Hubert exhaled and fell back against the wall for a moment. He ran his fingers through his hair, frowned and put his knuckle to his top lip. Sharp stubble bit at him.

How many hours have I worked today? And what day is it?

He sighed and entered the interview room. Seated at the table were Sarah Rudderman, who hadn’t aged a day, and Barbara Quinn, a sign language interpreter. Sarah’s flaming red hair wisped around her intense alabaster countenance. Sharp eyes taking everything in. She had upgraded her hearing aid. The loops over her ears were nearly invisible.

Hubert nodded a hello to both women, sat down and switched the recorder on.

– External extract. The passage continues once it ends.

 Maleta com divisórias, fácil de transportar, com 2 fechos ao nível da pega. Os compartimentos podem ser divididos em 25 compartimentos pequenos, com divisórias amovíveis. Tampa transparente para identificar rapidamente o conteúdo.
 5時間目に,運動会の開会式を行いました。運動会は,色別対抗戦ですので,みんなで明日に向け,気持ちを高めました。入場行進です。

He leaned forward on closed hands, just the right amount of presence to establish authority without projecting menace.

“Interview commenced May seventeenth two thousand and nineteen at three sixteen a.m. Present are myself, Detective Hubert Maimone,” as he said his name he hid his mouth by rubbing the stubble on his top lip with his knuckle, “Sarah Rudderman who is assisting with inquiries into the death of Stavros Katsis, also known as Nightshade, and Barbara Quinn, registered sign language interpreter.” Barbara translated his words accurately. She looked as tired as he felt.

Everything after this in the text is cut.